2. Membangun Karakter yang Tangguh dan Adil
Ki Ageng Suryomentaram juga mengajarkan pentingnya pembentukan karakter yang kuat dan adil dalam diri seorang pemimpin. Melalui konsep kawruh jiwa (pengetahuan batin), beliau mengajarkan bahwa kedamaian batin adalah sumber kebijaksanaan. Pemimpin yang memiliki kedamaian dalam batin tidak akan mudah terpengaruh oleh godaan duniawi, seperti kekuasaan dan uang. Mereka lebih cenderung membuat keputusan yang tidak hanya menguntungkan diri sendiri, tetapi juga mengutamakan kesejahteraan rakyat.
Karakter yang tangguh dan adil akan mencegah pemimpin dari perilaku koruptif. Seorang pemimpin yang memiliki kedamaian batin dan pengendalian diri akan lebih memperhatikan kepentingan orang banyak daripada kepentingan pribadi. Mereka akan mampu menjaga integritas, bahkan ketika dihadapkan dengan tekanan atau tawaran untuk melakukan tindakan yang tidak etis. Pemimpin yang memiliki karakter kuat dan adil ini akan diandalkan oleh masyarakat, karena mereka dipercaya untuk memimpin dengan cara yang jujur dan transparan.
Ki Ageng mengajarkan bahwa kebijaksanaan bukan hanya berasal dari pengetahuan intelektual, tetapi juga dari pengalaman batin yang mendalam. Ketika seorang pemimpin dapat mengintegrasikan pengetahuan batin dengan kebijaksanaan dalam tindakan, mereka akan lebih cenderung untuk mengambil keputusan yang adil dan berpihak pada kepentingan rakyat. Oleh karena itu, ajaran beliau membantu menciptakan pemimpin yang adil dan bijaksana, yang sangat penting untuk mencegah terjadinya korupsi dalam pemerintahan.
3. Pencegahan Korupsi Melalui Kesederhanaan
Kesederhanaan hidup adalah prinsip yang sangat mendalam dalam ajaran Ki Ageng Suryomentaram.
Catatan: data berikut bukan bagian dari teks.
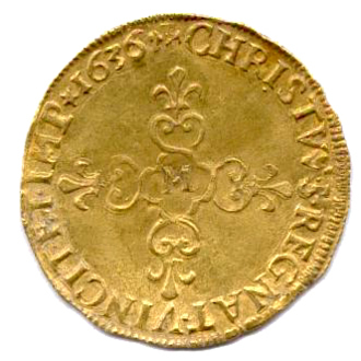 Écu d'or au Soleil, 1636. 3,43g M = Toulouse. Très beau.
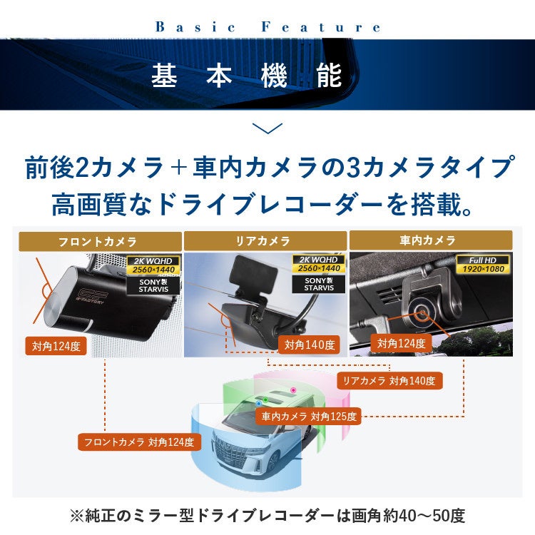・フロント/リアカメラ解像度:2K(2560×1440P)SONY STARVIS搭載
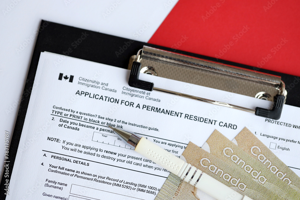 Application for permanent resident card on table with pen and canadian money close up
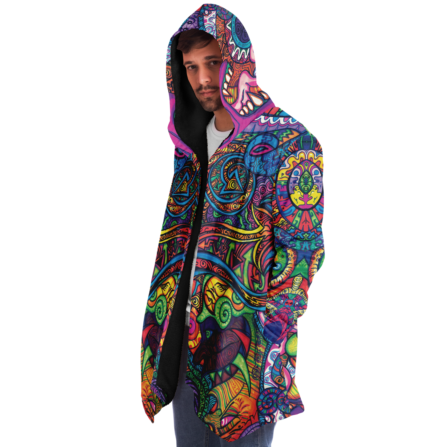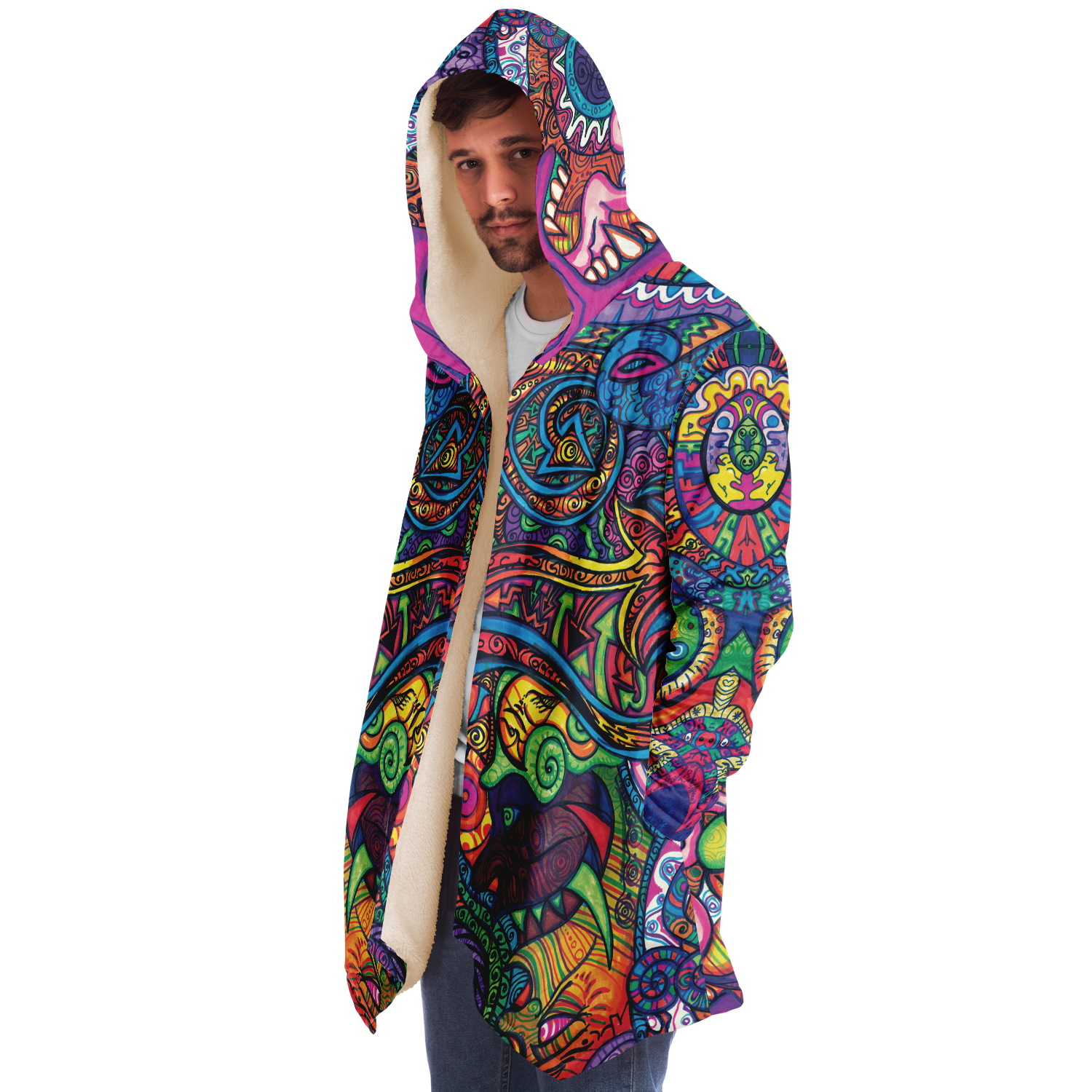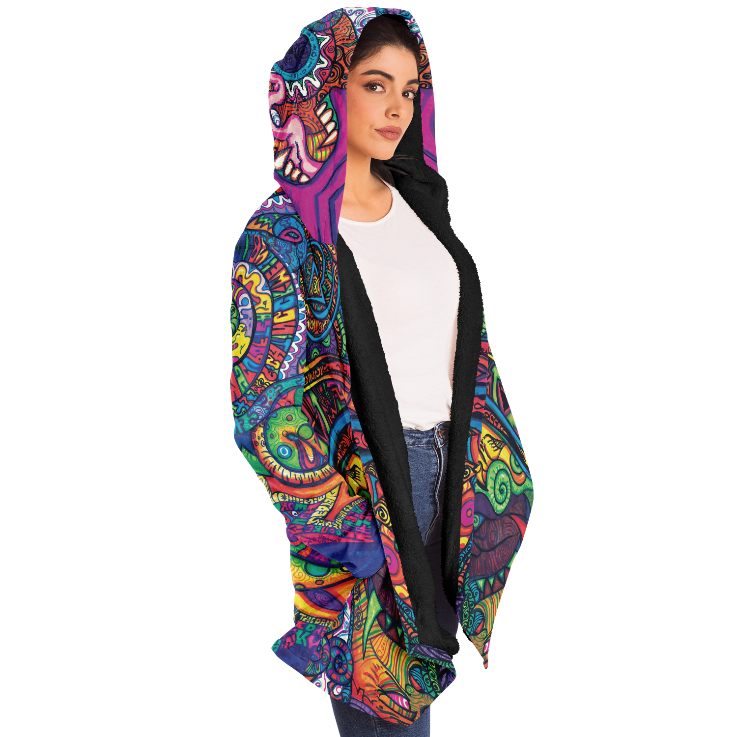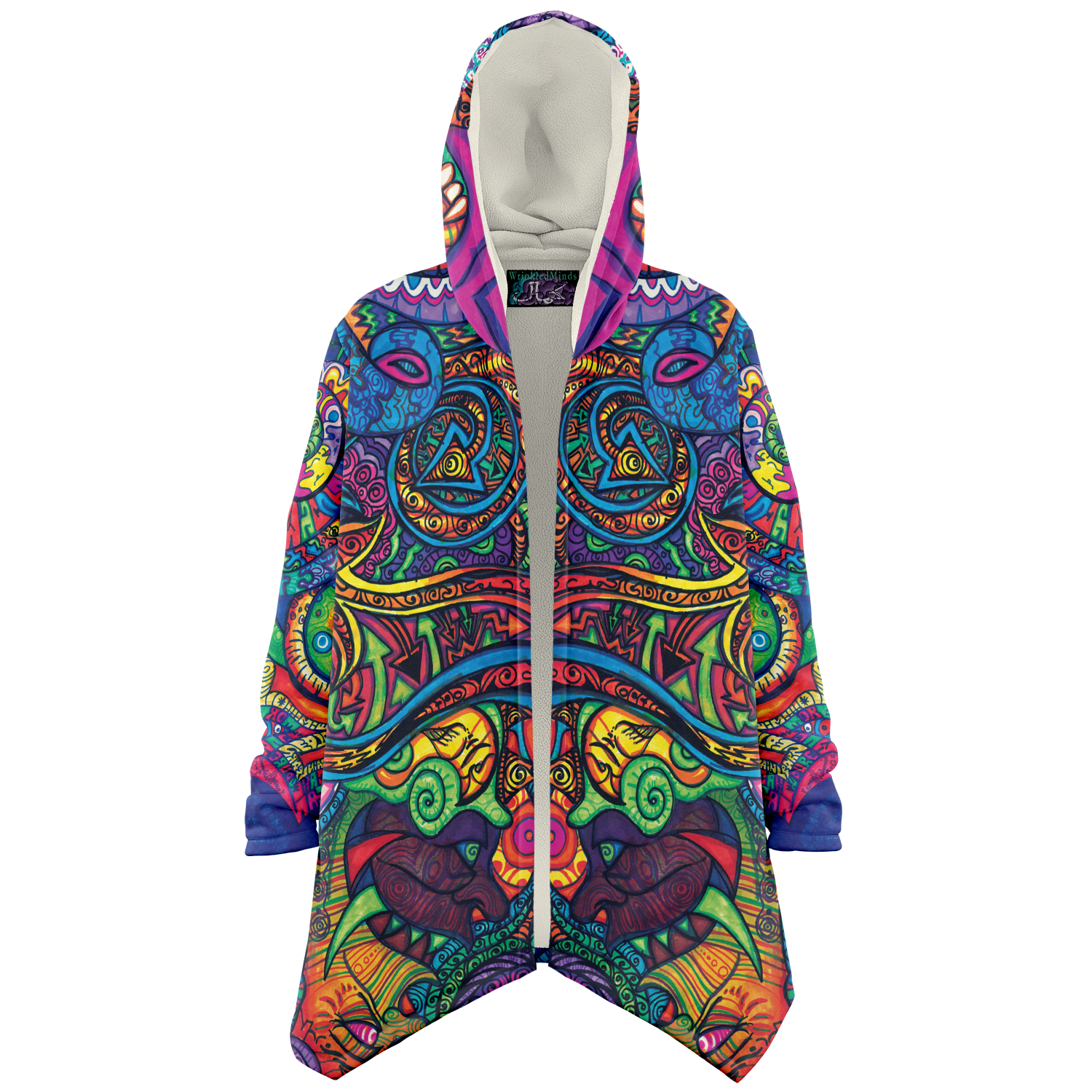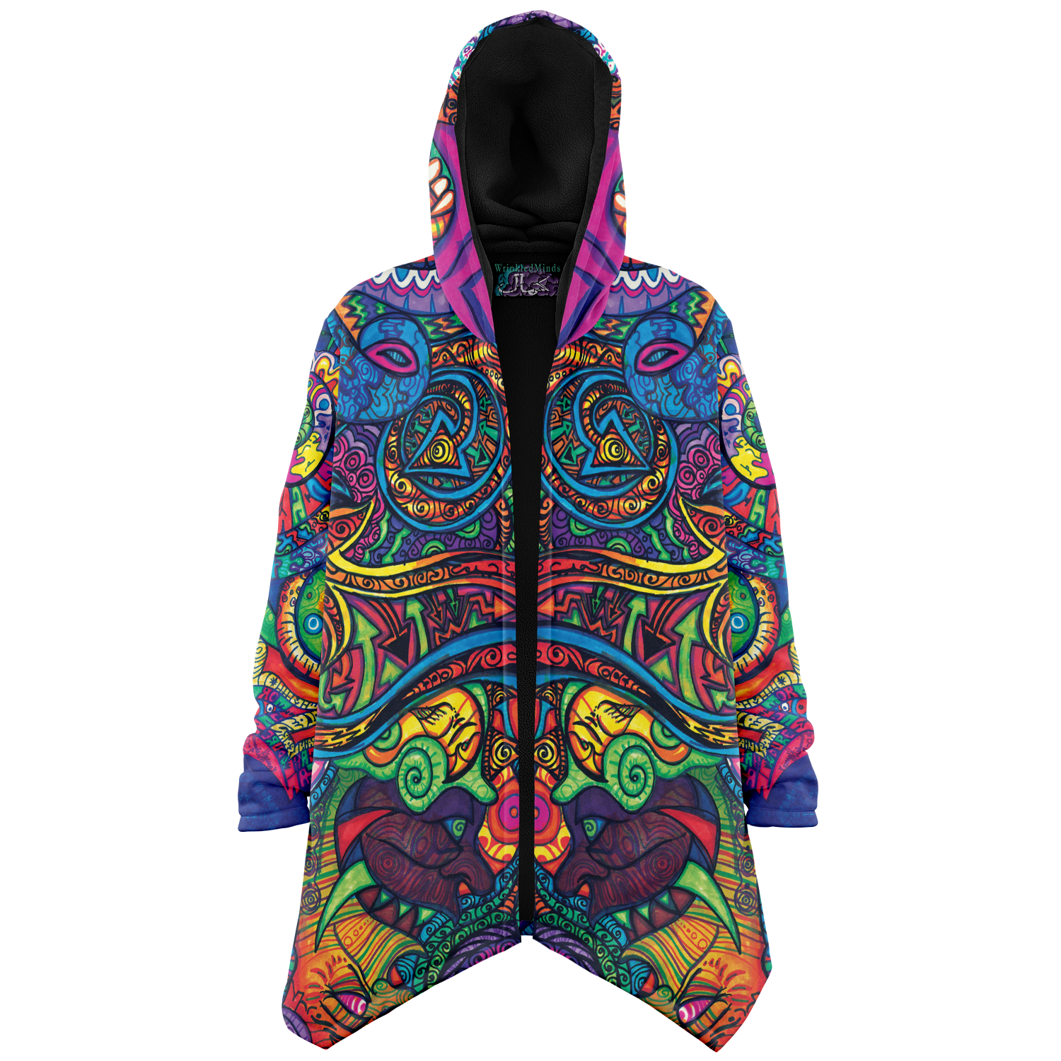 Made from 100% Micro-Mink Polyester, having a silky smooth surface. This allows every Art piece to stand out as one of a kind. Additionally, a layer of Microfiber Fleece is added.This semi plush fleece is buttery soft feeling that lines the torso, sleeves, and hood! Overall a medium weight build cloak with a large hood.

Beliau mengajarkan bahwa seseorang tidak perlu mengejar kekayaan berlebihan atau kedudukan tinggi, karena hal tersebut sering kali membawa pada penyalahgunaan kekuasaan dan moral yang busuk. Prinsip hidup sederhana yang diajarkan, seperti sabutuhe (sesuai kebutuhan), saperlune (secukupnya), dan sakpenak'e (selayaknya), membantu individu untuk menilai apa yang benar-benar dibutuhkan dalam hidup dan untuk tidak terjebak dalam sikap konsumtif yang hanya mengutamakan kepentingan pribadi.
Pemimpin yang hidup sederhana akan lebih mudah untuk menghindari godaan kekuasaan dan materialisme. Mereka akan lebih cenderung untuk mendengarkan kebutuhan rakyat dan fokus pada bagaimana meningkatkan kualitas hidup masyarakat, daripada memperkaya diri mereka sendiri. Kesederhanaan hidup ini juga mengajarkan untuk memiliki rasa rendah hati dan menghargai orang lain, yang akan membantu menghindari sikap otoriter dan keserakahan yang dapat memicu praktik korupsi.
Sebagai contoh, seorang pemimpin yang tidak terikat pada gaya hidup mewah dan lebih memilih untuk hidup sesuai dengan kondisi yang ada akan lebih mudah untuk berfokus pada tugas mereka dalam meningkatkan kesejahteraan rakyat. Dengan mengurangi keinginan pribadi untuk memiliki lebih, pemimpin dapat lebih transparan dan adil dalam pengelolaan kekuasaan dan sumber daya negara.